Andreas Fink wrote:
>
> > > Index: gw/smsbox.c
> >> ===================================================================
> >> RCS file: /home/cvs/gateway/gw/smsbox.c,v
> >> retrieving revision 1.156
> >> diff -r1.156 smsbox.c
> >> 1392,1395d1391
> >> < if (charset_processing(charset, &body, coding) == -1) {
> >> < *status = 415;
> >> < ret = octstr_create("Charset or body misformed, rejected");
> >> < }
> >
> >votings from the smsbox hackers for the proposed change?! Andreas?
> >Nick?
>
> if its a bug, lets fix it. I had a user complaining that he has
> problems with greek characters.
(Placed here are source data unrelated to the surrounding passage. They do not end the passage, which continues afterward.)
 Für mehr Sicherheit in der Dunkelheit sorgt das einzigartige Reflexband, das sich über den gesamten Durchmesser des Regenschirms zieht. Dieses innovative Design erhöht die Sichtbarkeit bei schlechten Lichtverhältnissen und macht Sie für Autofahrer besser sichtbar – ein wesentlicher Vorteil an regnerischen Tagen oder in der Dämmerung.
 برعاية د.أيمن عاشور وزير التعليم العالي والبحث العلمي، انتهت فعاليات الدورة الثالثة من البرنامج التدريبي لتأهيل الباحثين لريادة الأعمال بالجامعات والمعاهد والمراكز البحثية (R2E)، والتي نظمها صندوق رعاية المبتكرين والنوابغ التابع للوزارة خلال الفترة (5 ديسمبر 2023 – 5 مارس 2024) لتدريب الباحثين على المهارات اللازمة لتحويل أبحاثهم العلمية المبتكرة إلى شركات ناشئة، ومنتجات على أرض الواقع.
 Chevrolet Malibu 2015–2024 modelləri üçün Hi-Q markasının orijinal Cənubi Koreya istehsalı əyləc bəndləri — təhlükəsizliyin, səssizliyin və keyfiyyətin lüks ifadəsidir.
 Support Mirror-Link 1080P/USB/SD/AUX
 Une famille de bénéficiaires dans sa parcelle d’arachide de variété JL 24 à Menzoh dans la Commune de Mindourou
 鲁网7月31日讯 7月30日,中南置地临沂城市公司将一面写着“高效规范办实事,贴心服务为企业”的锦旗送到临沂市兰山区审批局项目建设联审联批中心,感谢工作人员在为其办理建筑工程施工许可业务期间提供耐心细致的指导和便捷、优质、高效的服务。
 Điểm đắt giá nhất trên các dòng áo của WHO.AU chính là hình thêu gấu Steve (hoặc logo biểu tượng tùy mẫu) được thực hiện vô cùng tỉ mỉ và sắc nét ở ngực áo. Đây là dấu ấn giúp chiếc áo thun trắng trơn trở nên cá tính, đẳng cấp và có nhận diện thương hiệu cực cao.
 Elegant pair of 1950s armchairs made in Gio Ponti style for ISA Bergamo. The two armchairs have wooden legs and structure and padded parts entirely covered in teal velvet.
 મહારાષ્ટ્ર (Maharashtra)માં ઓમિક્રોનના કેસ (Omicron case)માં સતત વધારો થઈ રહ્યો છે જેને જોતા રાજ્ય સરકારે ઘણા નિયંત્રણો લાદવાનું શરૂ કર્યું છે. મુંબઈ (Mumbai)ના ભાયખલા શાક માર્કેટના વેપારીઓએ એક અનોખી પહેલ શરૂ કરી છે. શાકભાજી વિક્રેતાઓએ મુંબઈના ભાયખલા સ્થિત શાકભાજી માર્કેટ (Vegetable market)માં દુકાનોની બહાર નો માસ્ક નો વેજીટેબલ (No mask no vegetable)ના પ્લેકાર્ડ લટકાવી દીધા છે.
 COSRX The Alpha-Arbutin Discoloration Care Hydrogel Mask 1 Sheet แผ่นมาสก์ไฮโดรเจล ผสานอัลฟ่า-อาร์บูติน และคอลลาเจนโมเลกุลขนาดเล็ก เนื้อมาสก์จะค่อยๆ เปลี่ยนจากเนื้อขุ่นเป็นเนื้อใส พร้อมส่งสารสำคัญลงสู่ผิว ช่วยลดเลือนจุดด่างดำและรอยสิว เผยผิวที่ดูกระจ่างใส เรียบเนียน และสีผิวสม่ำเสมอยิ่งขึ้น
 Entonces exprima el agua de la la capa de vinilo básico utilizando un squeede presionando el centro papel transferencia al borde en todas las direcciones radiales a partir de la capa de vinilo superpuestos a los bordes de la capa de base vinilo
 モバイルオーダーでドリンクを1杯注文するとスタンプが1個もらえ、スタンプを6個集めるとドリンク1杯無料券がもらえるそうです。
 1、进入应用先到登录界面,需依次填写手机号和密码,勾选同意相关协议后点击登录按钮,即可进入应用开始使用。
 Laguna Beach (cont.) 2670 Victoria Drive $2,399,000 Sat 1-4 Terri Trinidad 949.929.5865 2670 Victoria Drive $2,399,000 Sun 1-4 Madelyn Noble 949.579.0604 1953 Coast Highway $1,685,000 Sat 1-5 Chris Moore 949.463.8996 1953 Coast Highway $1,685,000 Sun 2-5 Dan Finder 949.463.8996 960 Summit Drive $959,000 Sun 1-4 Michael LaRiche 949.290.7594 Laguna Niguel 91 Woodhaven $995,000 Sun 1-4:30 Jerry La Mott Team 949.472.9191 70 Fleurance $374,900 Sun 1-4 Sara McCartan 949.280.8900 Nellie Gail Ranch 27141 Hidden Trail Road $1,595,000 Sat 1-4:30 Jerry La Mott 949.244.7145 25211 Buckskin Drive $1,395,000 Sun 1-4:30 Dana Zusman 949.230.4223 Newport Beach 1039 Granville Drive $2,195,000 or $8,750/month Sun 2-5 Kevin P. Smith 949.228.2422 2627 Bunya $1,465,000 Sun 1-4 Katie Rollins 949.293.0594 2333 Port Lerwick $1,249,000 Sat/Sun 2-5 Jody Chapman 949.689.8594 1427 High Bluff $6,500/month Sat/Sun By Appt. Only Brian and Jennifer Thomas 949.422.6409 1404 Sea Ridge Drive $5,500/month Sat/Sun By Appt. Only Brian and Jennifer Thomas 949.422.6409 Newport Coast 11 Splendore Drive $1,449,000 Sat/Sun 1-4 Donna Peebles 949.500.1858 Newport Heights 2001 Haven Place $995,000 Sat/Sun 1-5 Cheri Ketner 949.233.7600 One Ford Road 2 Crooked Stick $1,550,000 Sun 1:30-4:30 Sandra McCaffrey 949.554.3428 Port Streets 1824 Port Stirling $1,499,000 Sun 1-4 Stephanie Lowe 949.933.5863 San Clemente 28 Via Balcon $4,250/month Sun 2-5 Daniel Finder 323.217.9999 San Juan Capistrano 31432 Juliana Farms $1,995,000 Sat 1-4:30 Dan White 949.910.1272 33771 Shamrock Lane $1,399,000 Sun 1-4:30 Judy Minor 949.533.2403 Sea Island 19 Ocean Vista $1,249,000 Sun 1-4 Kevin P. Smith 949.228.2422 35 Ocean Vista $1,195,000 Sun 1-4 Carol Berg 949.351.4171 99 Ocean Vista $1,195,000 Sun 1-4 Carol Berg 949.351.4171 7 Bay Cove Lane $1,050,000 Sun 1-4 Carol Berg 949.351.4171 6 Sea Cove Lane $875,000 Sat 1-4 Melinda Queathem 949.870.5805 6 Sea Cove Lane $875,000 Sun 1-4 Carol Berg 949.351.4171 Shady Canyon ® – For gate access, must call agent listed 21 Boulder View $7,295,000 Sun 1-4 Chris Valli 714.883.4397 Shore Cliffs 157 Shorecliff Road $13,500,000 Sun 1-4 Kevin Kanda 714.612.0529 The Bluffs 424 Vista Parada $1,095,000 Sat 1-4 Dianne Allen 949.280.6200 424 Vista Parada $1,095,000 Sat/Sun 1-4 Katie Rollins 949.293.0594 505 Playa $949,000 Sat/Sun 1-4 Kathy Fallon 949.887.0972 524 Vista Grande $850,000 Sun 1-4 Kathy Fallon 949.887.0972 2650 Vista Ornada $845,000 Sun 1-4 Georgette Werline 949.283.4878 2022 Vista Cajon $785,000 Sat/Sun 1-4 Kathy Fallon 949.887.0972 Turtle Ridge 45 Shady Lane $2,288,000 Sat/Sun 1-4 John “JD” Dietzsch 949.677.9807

Sounds like the source of the problem.
>
Actually this is a bug (I think) I found trying to solve the problem
with greek characters.
Removing this line is not enough.
The code in charset processing does well when coding==DC_UCS2 (well this
is the easy case).
It also does well when coding==DC_7BIT and charset=="ISO-8859-1"(well
that is even easier: just do nothing)
But when coding==DC_7BIT and charset!="ISO-8859-1" it seems to be trying
to do something like this:
first ... encode to UTF-8
then UTF-8 to ISO-8859-1
allways using libxml calls.
Actually the code for UTF-8 to ISO-8859-1 is wrong and commented out.
/* UTF-8 to ISO-8859-1 */
/* charset = octstr_create("ISO-8859-1");
if (charset_from_utf8(new*body, &temp, charset) >= 0) {
octstr_destroy(new*body);
new*body = temp;
octstr_dump(new*body, 0);
octstr_destroy(charset);
} else {
octstr_destroy(charset);
octstr_destroy(new*body);
return NULL;
}
debug("sms.http", 0, "coding=7bit, after iso8859-1, msgdata is %s",
octstr_get_cstr(n
ew*body));
*/
Anyway it would *NOT* do the job. libxml maps any characters that not
map directly to ISO-8859-1 to something like this Μ (the XML way).
Which is not good!
I am working on a solution for the greek characters, which must be
relatively easy since GSM default alphabet has all the GREEK capital
letters.
But I don't know how to give more general solution for all the possible
charsets (other than ISO-8859-7 which is for Greek).